◆ What the exercise asks
Please reproduce the following records exactly as they appear.

◆ Supplied records
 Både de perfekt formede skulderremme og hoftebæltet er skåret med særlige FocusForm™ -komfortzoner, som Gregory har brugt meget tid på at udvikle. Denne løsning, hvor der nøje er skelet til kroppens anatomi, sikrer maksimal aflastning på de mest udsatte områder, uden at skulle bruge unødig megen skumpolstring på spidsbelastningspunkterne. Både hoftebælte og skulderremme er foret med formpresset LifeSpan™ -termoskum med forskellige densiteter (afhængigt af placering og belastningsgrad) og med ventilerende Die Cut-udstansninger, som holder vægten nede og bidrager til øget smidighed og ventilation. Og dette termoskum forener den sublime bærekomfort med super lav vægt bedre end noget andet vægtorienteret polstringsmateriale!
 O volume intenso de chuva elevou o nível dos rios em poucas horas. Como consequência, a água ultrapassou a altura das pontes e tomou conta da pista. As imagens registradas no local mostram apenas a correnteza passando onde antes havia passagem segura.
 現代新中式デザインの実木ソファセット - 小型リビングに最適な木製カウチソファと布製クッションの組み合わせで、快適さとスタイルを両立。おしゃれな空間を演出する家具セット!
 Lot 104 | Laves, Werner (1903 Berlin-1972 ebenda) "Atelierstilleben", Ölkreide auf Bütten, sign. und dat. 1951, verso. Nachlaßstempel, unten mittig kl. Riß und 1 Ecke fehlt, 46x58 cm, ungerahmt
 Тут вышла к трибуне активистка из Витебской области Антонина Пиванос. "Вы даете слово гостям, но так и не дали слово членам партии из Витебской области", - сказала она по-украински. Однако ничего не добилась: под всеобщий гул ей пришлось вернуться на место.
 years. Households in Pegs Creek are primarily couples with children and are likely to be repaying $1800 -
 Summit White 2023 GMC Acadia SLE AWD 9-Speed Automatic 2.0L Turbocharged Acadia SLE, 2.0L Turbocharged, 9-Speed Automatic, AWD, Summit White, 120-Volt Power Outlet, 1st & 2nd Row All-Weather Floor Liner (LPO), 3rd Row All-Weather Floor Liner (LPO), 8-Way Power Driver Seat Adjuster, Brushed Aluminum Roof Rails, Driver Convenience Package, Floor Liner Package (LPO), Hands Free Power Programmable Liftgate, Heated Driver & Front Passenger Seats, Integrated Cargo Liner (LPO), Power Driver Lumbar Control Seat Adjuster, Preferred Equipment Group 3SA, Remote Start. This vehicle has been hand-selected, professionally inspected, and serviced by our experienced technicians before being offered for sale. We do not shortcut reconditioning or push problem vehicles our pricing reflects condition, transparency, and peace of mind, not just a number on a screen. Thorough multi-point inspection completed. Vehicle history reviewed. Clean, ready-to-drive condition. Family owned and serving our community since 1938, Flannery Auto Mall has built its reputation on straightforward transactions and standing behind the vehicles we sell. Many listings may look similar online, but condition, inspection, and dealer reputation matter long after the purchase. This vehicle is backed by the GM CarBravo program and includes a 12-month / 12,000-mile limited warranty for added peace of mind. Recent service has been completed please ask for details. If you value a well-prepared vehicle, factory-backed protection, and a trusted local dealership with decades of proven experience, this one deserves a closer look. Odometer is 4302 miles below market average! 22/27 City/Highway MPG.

◆ Your response
 Både de perfekt formede skulderremme og hoftebæltet er skåret med særlige FocusForm™ -komfortzoner, som Gregory har brugt meget tid på at udvikle. Denne løsning, hvor der nøje er skelet til kroppens anatomi, sikrer maksimal aflastning på de mest udsatte områder, uden at skulle bruge unødig megen skumpolstring på spidsbelastningspunkterne. Både hoftebælte og skulderremme er foret med formpresset LifeSpan™ -termoskum med forskellige densiteter (afhængigt af placering og belastningsgrad) og med ventilerende Die Cut-udstansninger, som holder vægten nede og bidrager til øget smidighed og ventilation. Og dette termoskum forener den sublime bærekomfort med super lav vægt bedre end noget andet vægtorienteret polstringsmateriale!
 O volume intenso de chuva elevou o nível dos rios em poucas horas. Como consequência, a água ultrapassou a altura das pontes e tomou conta da pista. As imagens registradas no local mostram apenas a correnteza passando onde antes havia passagem segura.
 現代新中式デザインの実木ソファセット - 小型リビングに最適な木製カウチソファと布製クッションの組み合わせで、快適さとスタイルを両立。おしゃれな空間を演出する家具セット!
 Lot 104 | Laves, Werner (1903 Berlin-1972 ebenda) "Atelierstilleben", Ölkreide auf Bütten, sign. und dat. 1951, verso. Nachlaßstempel, unten mittig kl. Riß und 1 Ecke fehlt, 46x58 cm, ungerahmt
 Тут вышла к трибуне активистка из Витебской области Антонина Пиванос. "Вы даете слово гостям, но так и не дали слово членам партии из Витебской области", - сказала она по-украински. Однако ничего не добилась: под всеобщий гул ей пришлось вернуться на место.
 years. Households in Pegs Creek are primarily couples with children and are likely to be repaying $1800 -
 Summit White 2023 GMC Acadia SLE AWD 9-Speed Automatic 2.0L Turbocharged Acadia SLE, 2.0L Turbocharged, 9-Speed Automatic, AWD, Summit White, 120-Volt Power Outlet, 1st & 2nd Row All-Weather Floor Liner (LPO), 3rd Row All-Weather Floor Liner (LPO), 8-Way Power Driver Seat Adjuster, Brushed Aluminum Roof Rails, Driver Convenience Package, Floor Liner Package (LPO), Hands Free Power Programmable Liftgate, Heated Driver & Front Passenger Seats, Integrated Cargo Liner (LPO), Power Driver Lumbar Control Seat Adjuster, Preferred Equipment Group 3SA, Remote Start. This vehicle has been hand-selected, professionally inspected, and serviced by our experienced technicians before being offered for sale. We do not shortcut reconditioning or push problem vehicles our pricing reflects condition, transparency, and peace of mind, not just a number on a screen. Thorough multi-point inspection completed. Vehicle history reviewed. Clean, ready-to-drive condition. Family owned and serving our community since 1938, Flannery Auto Mall has built its reputation on straightforward transactions and standing behind the vehicles we sell. Many listings may look similar online, but condition, inspection, and dealer reputation matter long after the purchase. This vehicle is backed by the GM CarBravo program and includes a 12-month / 12,000-mile limited warranty for added peace of mind. Recent service has been completed please ask for details. If you value a well-prepared vehicle, factory-backed protection, and a trusted local dealership with decades of proven experience, this one deserves a closer look. Odometer is 4302 miles below market average! 22/27 City/Highway MPG.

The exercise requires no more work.